Director: Yaron Zilberman
Rating: R. Running Time: 105 minutes
Stars: Christopher Walken, Catherine Keener, Philip Seymour Hoffman, Mark Ivanir
Courtesy Westend Films
A movie about music and marriage (not just between husband and wife, but between individuals who come together for a shared purpose), A Late Quartet is one of those films that speaks specifically to a mature, seasoned audience. Though the directing is at times heavy-handed and the characters overly serious, the story is quiet and true. And the cast could not be better.
[Watch our exclusive clip of a scene between Catherine Keener and Christopher Walken in the video player at the top of the page.]
The internationally renowned Manhattan-based Fugue String Quartet at the center of the movie has been performing and touring together for nearly 25 years. To celebrate the anniversary, they are rehearsing to play Beethoven's Opus 131, which has seven continuous movements.

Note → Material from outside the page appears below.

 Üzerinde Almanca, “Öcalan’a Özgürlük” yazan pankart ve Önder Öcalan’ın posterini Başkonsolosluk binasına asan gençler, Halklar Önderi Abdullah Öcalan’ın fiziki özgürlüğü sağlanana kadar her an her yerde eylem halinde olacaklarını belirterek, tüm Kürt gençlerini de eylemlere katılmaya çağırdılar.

As a series of midlife health and personal issues threaten to tear the quartet members apart, they struggle to stay together. The turmoil begins when the patriarch, cellist Peter Mitchell (exquisitely portrayed by Christopher Walken, who is elegant and dignified in this role), announces that he is suffering early symptoms of Parkinson's disease and is considering withdrawing from the group. His protégée, violist Juliette Gelbart (played by the always delightful Catherine Keener), can't imagine the quartet carrying on without him. Meanwhile, her husband, second violinist Robert Gelbart (Philip Seymour Hoffman, who is also always delightful), enters into a power struggle with first violinist Daniel Lerner (Mark Ivanir of Schindler's List).

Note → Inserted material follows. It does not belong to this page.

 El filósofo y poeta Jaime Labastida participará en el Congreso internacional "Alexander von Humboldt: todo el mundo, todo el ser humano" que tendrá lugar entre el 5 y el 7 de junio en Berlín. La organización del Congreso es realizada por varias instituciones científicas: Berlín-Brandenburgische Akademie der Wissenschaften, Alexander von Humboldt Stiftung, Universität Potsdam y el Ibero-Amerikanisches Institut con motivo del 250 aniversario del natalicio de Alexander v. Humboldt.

The film's subplots underscore the interconnectedness of human relationships. Robert, devastated by his wife's lack of support in his lobby to share first violinist position — and haunted by the longtime fear that she doesn't love him nearly as much as he loves her — embarks on a briefextramarital affair. His and Juliette's daughter, Alexandra (British actress Imogen Poots), also a talented musician, questions her parents' priorities and, as if to wreak revenge on her father, enters into a romance with Daniel. Melodramatic, yes — but for those of us who've lived a little, understandably so.

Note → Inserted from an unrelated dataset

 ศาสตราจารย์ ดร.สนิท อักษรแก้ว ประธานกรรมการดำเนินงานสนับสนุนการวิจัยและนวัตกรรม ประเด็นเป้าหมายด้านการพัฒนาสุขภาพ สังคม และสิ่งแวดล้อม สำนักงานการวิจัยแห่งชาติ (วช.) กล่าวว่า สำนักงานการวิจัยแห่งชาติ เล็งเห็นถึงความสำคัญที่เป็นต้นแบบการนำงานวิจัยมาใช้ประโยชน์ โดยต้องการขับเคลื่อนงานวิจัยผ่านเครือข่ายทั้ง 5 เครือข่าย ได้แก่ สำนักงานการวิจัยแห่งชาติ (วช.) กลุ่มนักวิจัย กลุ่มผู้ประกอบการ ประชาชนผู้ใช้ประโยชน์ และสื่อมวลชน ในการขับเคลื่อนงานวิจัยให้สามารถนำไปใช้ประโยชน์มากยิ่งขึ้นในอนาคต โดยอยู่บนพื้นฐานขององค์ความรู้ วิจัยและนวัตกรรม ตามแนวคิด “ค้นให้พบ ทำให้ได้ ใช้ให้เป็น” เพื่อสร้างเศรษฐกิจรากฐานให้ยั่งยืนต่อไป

The musical interludes in the film are beautifully done. Unlike another film (with a similar title) coming out later this year, A Late Quartet doesn't shy away from re-creating realistic music-making by its actors; several musical trainers were engaged during the filmmaking. And the film's New York scenes rival any from Woody Allen's works. Perhaps because this is director/writer Yaron Zilberman's debut feature, too many moments in A Late Quartet come off as overly earnest and overly artsy — and could have benefited from a lighter Woody-ish touch.
Still, this is a worthwhile exploration of commitment, creative collaboration and the complications that come with deep personal bonds — the disharmony of life unfolded alongside a harmonic score.